— Task details —
Word for word, copy the data that follows and skip its pictures.

— Source data —

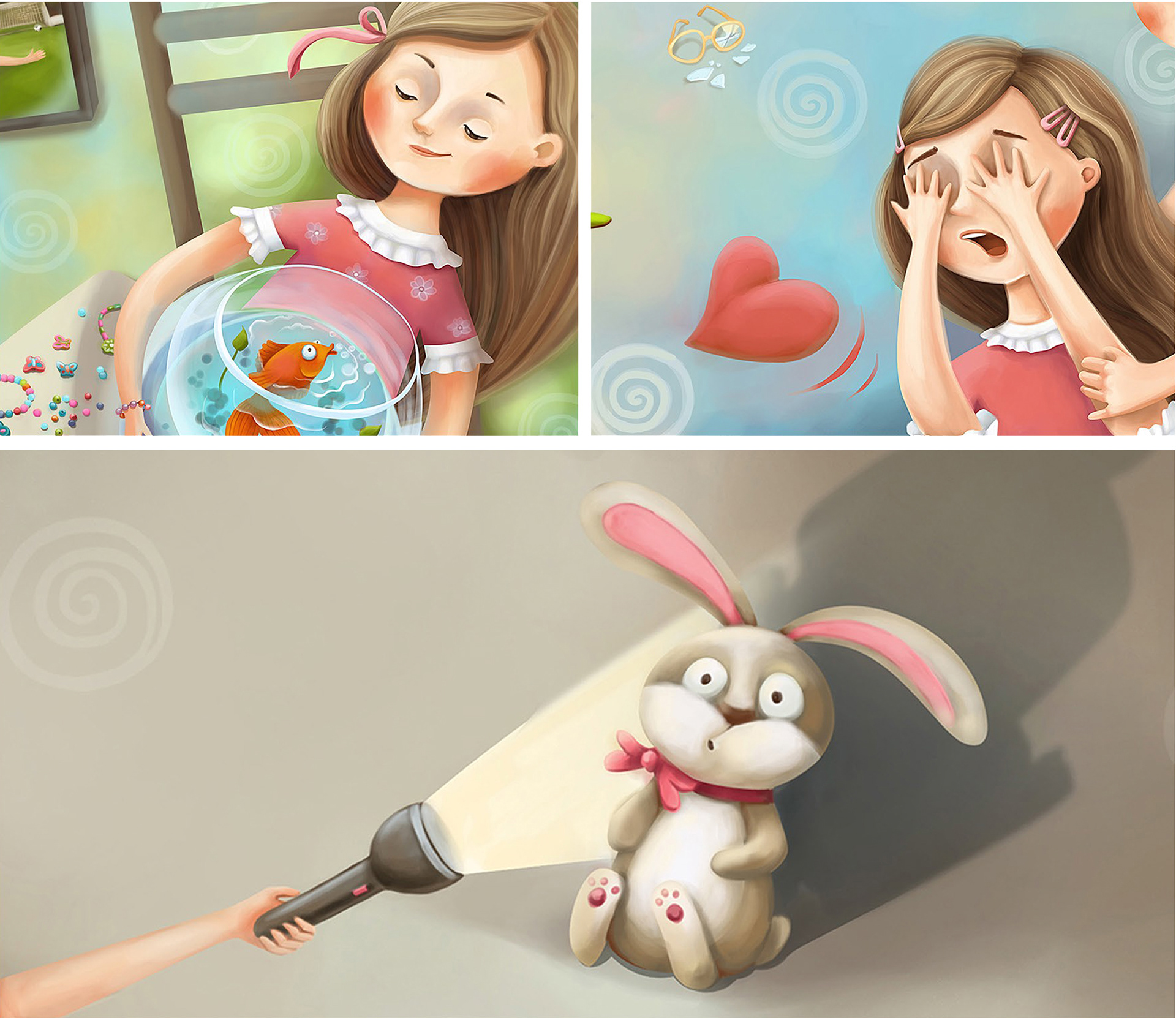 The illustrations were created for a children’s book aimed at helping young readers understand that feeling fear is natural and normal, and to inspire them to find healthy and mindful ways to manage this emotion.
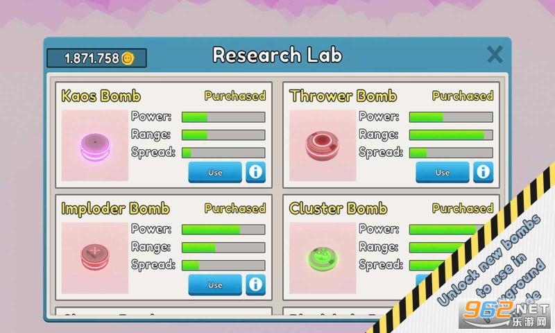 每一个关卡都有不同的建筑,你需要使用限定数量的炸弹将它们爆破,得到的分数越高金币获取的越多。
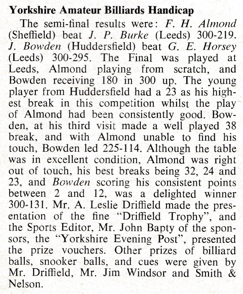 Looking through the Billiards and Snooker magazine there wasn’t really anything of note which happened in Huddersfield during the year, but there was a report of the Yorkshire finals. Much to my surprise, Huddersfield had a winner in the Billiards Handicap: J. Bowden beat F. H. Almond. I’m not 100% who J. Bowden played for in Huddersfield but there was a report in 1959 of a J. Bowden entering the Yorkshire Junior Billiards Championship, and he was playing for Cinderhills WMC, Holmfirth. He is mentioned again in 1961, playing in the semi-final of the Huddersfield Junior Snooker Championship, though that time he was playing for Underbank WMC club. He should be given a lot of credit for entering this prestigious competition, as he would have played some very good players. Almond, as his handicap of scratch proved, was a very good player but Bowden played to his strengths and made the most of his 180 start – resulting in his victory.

— Result of this exercise —
 The illustrations were created for a children’s book aimed at helping young readers understand that feeling fear is natural and normal, and to inspire them to find healthy and mindful ways to manage this emotion.
 每一个关卡都有不同的建筑,你需要使用限定数量的炸弹将它们爆破,得到的分数越高金币获取的越多。
 Looking through the Billiards and Snooker magazine there wasn’t really anything of note which happened in Huddersfield during the year, but there was a report of the Yorkshire finals. Much to my surprise, Huddersfield had a winner in the Billiards Handicap: J. Bowden beat F. H. Almond. I’m not 100% who J. Bowden played for in Huddersfield but there was a report in 1959 of a J. Bowden entering the Yorkshire Junior Billiards Championship, and he was playing for Cinderhills WMC, Holmfirth. He is mentioned again in 1961, playing in the semi-final of the Huddersfield Junior Snooker Championship, though that time he was playing for Underbank WMC club. He should be given a lot of credit for entering this prestigious competition, as he would have played some very good players. Almond, as his handicap of scratch proved, was a very good player but Bowden played to his strengths and made the most of his 180 start – resulting in his victory.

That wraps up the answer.